- **Aim of the task**: Copying rule for the data below: pictures stay out, and only the lines from the one with "- YOU RECEIVE" down to the one with "手作業で作り出したディップフ", inclusive, are repeated exactly.

- **Dataset extract**:
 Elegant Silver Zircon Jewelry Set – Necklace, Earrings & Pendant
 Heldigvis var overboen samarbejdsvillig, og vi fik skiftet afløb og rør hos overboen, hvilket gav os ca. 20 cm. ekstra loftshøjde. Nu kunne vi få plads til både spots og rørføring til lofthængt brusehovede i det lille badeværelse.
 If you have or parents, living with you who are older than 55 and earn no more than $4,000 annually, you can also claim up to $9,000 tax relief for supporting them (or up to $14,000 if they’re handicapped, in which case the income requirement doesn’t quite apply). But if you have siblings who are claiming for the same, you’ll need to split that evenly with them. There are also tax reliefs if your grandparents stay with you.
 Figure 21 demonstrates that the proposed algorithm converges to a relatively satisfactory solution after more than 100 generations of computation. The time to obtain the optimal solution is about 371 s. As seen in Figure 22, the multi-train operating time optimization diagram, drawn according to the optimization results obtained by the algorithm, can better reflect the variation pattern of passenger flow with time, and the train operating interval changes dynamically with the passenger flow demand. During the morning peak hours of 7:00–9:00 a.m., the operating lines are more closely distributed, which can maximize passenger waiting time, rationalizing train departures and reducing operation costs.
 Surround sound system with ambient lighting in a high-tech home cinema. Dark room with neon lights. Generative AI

==

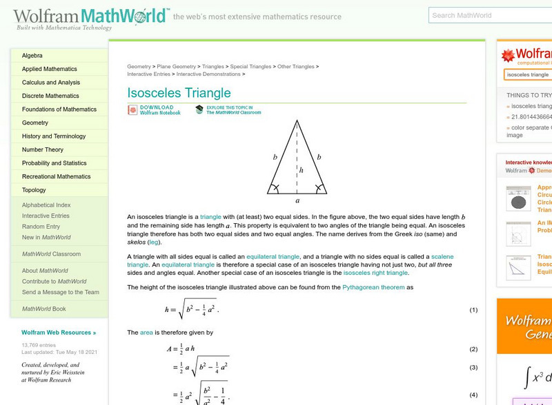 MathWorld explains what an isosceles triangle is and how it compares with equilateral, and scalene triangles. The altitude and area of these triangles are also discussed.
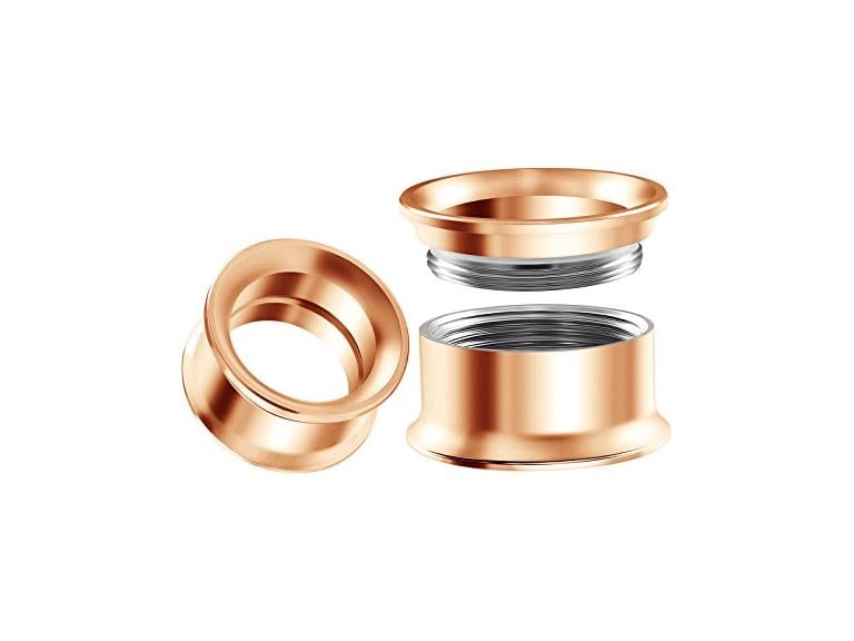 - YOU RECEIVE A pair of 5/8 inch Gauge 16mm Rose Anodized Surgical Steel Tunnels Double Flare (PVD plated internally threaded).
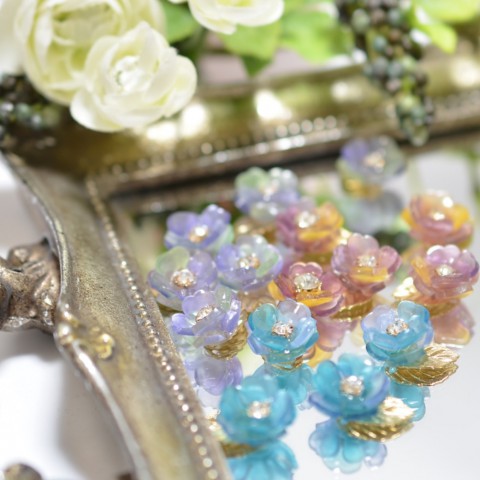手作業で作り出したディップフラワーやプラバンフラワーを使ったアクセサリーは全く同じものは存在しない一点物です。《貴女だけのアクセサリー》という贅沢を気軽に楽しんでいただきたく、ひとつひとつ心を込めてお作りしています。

---

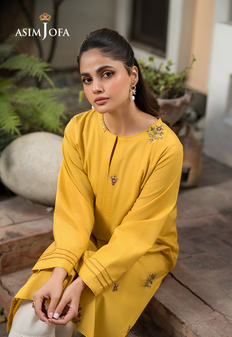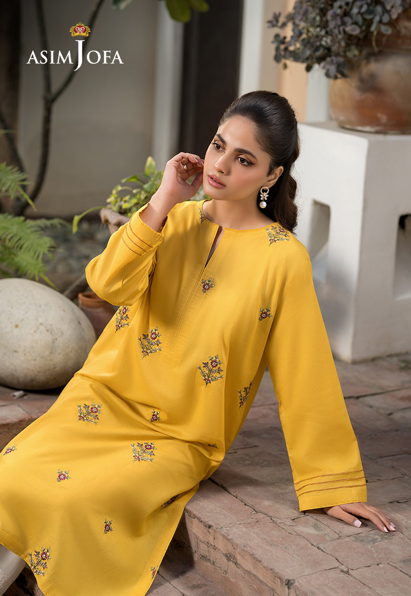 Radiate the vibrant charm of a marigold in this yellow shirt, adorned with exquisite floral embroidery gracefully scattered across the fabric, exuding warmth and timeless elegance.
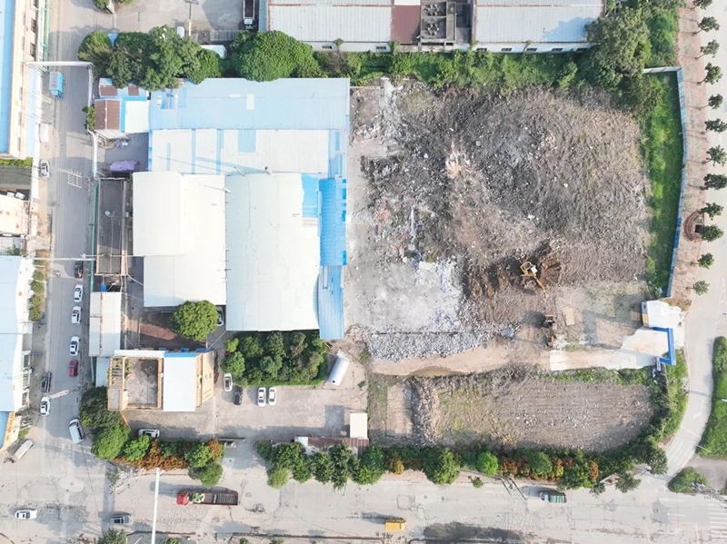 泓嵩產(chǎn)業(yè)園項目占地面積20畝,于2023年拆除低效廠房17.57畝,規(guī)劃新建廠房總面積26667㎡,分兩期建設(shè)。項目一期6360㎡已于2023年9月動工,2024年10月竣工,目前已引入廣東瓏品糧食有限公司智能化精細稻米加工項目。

- **Expected output**:
 - YOU RECEIVE A pair of 5/8 inch Gauge 16mm Rose Anodized Surgical Steel Tunnels Double Flare (PVD plated internally threaded).
手作業で作り出したディップフラワーやプラバンフラワーを使ったアクセサリーは全く同じものは存在しない一点物です。《貴女だけのアクセサリー》という贅沢を気軽に楽しんでいただきたく、ひとつひとつ心を込めてお作りしています。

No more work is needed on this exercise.